The most important question is how will you consider the application service outage and what options do you have to improve uptime?
The cut-in point is to keep Voltaire's observation in mind: "Better be a good enemy." "A rough translation is that perfection is a great enemy." Used in cloud computing, this advice can be seen as "when the cloud provider's data center claims to be able to provide far less acceptable uptime, remember not to adopt the cloud vendor because he cannot guarantee 99.999% uptime." ”
Using cloud computing is the right choice if you are using cloud computing to significantly improve uptime. If there is no accurate statistical data on the availability of your own computing environment uptime, an obvious signal is that migrating to the cloud provider is a step in the right direction. Migrating to a cloud vendor may not be perfect, but it's much better than not even being able to track uptime. Please believe me, there are too many IT organizations just to ensure that the application of the normal running time.
You can take the following steps to improve the uptime of your application:
1. Design application architecture to deal with resource failure. To improve the uptime of your application, perhaps the most effective measure you can take is to design an application architecture so that it can continue to run in the event of a single resource failure, such as a server failure. Even if the server outage causes the virtual machine to break, the application server redundancy ensures that the application continues to run. Similarly, having a replicated database server means that if a server goes down, the application is not stalled. Using the Application Management framework, starting a new instance to replace a failed instance ensures that the redundant topology continues to run when a run outage occurs.

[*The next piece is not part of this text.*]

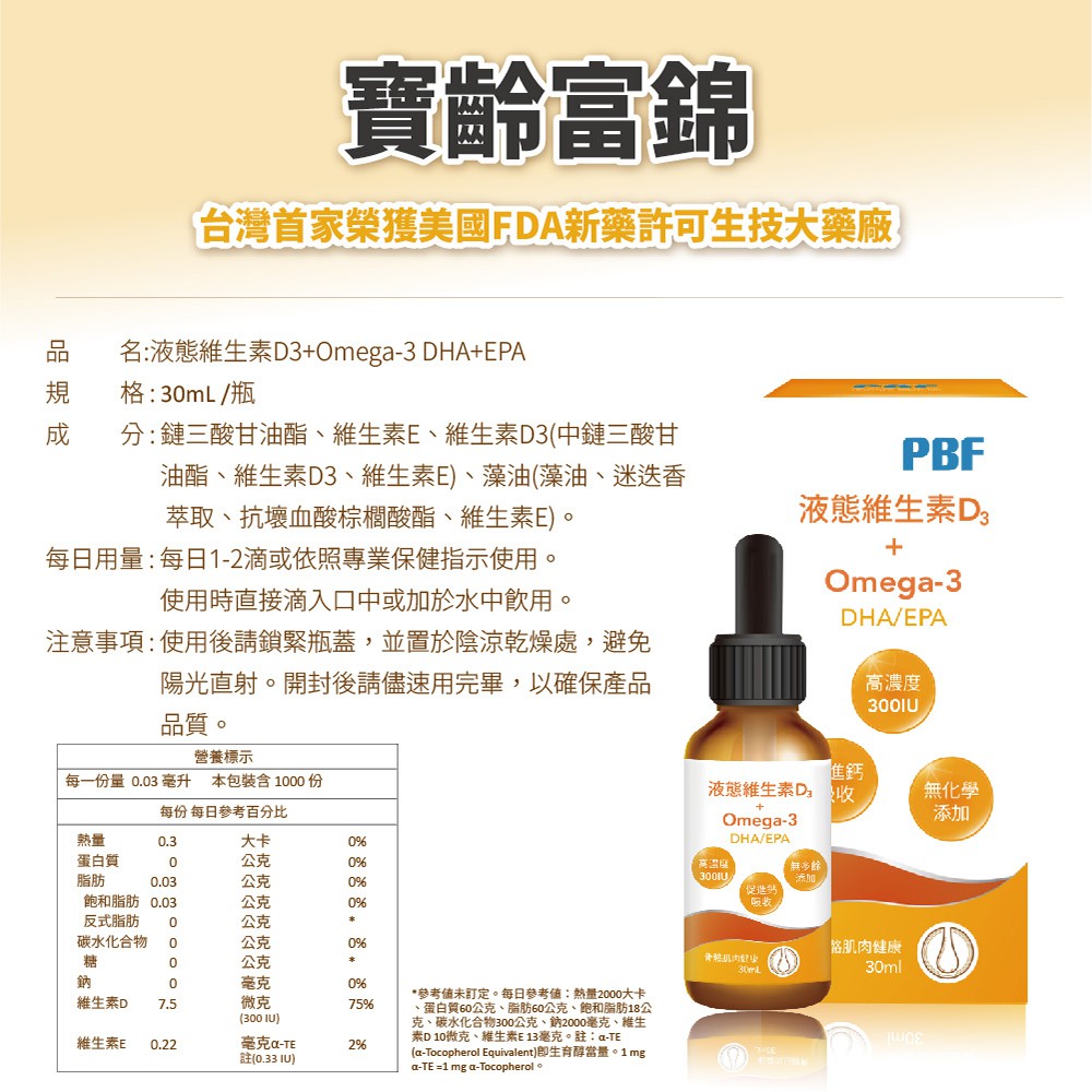 寶齡富錦 液態維生素D+Omaga3 30ml/瓶 官方直營 每滴含300IU維他命D 現貨 蝦皮直送

2. Design topology for infrastructure failures. Although a smart design can protect the usability of an application when the hardware element fails, the design does not provide any help if the application environment fails. If the data center that hosts the application is running a failure, then using redundant application design is futile. The solution in this case is to implement the Cross zone distribution of the application, so that even if part of the application becomes unavailable due to a large-scale outage by the cloud vendor, the application can continue to function. Of course, this makes the design of the application more complex, but it provides a greater degree of downtime protection.

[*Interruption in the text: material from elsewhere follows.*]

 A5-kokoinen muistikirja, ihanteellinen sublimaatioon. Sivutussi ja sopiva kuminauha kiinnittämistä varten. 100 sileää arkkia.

3. Design application deployment to deal with cloud supplier failures. Of course, all the infrastructure downtime for cloud vendors is also possible. Even if the likelihood of this happening is rather small, it is possible. For example, the cloud vendor's entire network infrastructure cloud fails, or the cloud vendor may suddenly shut down. This may be far-fetched, but this has happened in the past in online services. The solution is to extend the application architecture among multiple cloud vendors. Although many vendors claim this is challenging because the semantics of different cloud vendors vary, it makes it difficult to design applications that combine different functions. However, after adequate planning and detailed design, it is also possible to extend the application architecture among multiple cloud vendors.
It is clear from the above discussion that higher levels of uptime certainly require increased technical complexity, and higher levels of technical complexity mean increased investment.
The decision to make a given application for a certain level of investment is a risk assessment. This should, of course, be a clear risk assessment exercise that needs to be weighed against business investment ratios, investments, and technical operational complexities. The job is not easy, and there is probably no easy answer. However, this is more likely to result in an acceptable outcome than an enlarged but futile SLA contract debate.